Тут в коридоре раздались шаги оврияша. В панике девочки бросились бежать. Софке мерещилось, что оврияш, если догонит, сотворит с ними что-то жуткое, свернет шеи, как цыплятам, или утащит в нарисованный на потолке ад. Сейчас-то она понимает, что преследуемый еврей-художник должен был бояться этих детей больше, чем они его...
Турецкому не надо было сверяться с каталогом произведений Шермана, чтобы сообразить, что ничего подобного описанной картине нет ни в одной коллекции, ни в одном музее мира.
– И вы столько лет молчали об этом шедевре? – спросил он. – Не обращались ни в Львовскую картинную галерею, ни к специалистам?
– Позвольте, – возмущенно вздернула подведенные карандашом брови пани Голота, – я лишь недавно узнала, что нашего оврияша за рубежом признали великим художником. К тому же детские воспоминания... вы знаете, какие они расплывчатые! То ли было, то ли не было, не разберешь.
Повисло неловкое молчание. Пани Голота, исчерпав сведения, чего-то ждала.
– Ну, – первой прервала она затянувшуюся паузу, – какова ваша цена? Те, которые приходили перед вами, заплатили мне сто пятьдесят долларов.
– Перед нами? А кто к вам приходил? – дуэтом завопили Грязнов и Турецкий.
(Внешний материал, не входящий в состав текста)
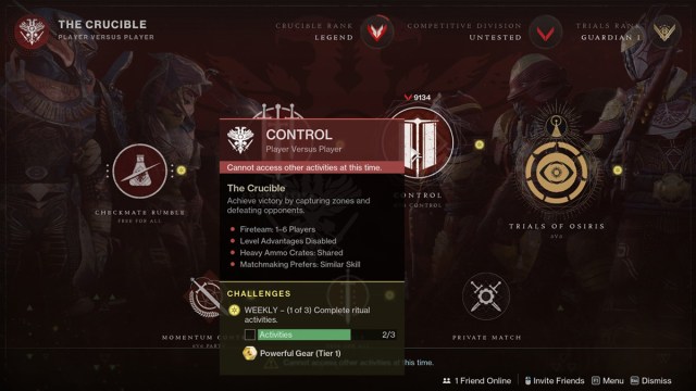 A more guaranteed method is by completing Weekly Ritual Challenges. By participating in certain Crucible game modes, Vanguard Strikes/Nightfalls, or Gambit Matches, you’ll progress in completing the Weekly Ritual Challenge. Completing these rewards you with an Exotic Engram. You can get up to three Exotics with this method and get a much better chance to fill out your Collection too. So if you’re after The Bombardiers in Destiny 2 this will be your best bet to acquiring it.

– Ну откуда же мне знать? Тоже двое мужчин. Назвались непримечательными русскими фамилиями, вроде бы Иванов и Петров. Документов своих не предъявляли, так же как и вы, панове...
– Как они выглядели?
– Совершенно разные. Один такой подтянутый, худощавый, интеллигентный. В очках с позолоченной оправой. Другой – ну вылитый бандит! Бритоголовый бандит. На лбу, вот тут, шрам треугольный, вроде как кожа была содрана.
– Во что одеты?
– Интеллигентный – во что-то серое, бритоголовый – в светлое... Нет, не помню! Я плохо разбираюсь в мужских модах.
– Когда они приходили?
– Вчера, с утра. Примерно в то же время, как вы.
– Слава, – сказал Турецкий, – возмести пани Софии текущие расходы.
– На всякий случай, – посоветовал Грязнов, отсчитывая деньги из командировочных, – не открывайте больше дверь всяким русским и нерусским мужчинам. И молчите про картину на потолке, как до сих пор молчали. Мало ли что.
Грязнов и Турецкий скатились с лестницы, будто за ними черти гнались.
– Куда мы бежим? – отдыхиваясь на ходу, спросил Слава. Генеральское брюшко и любовь к пиву не способствовали марафонским забегам.
– Домой, – не останавливаясь, просветил его более тренированный Турецкий. – То есть к Васильевне.
– Зачем?
– Выяснить, что случилось с картиной на потолке.
Марафонский бег на многолюдной львовской улице плавно перетек в ходьбу, правда для Славы Грязнова тоже достаточно марафонскую.
– Эта картина не значится ни в одном каталоге, – продолжал давать пояснения Турецкий, – а значит... значит, можно предположить, что она так до сих пор и висит на потолке, замазанная белилами.
– А все-таки зачем?
– Откуда мне знать, зачем? Может, художник хотел скрыть свое произведение.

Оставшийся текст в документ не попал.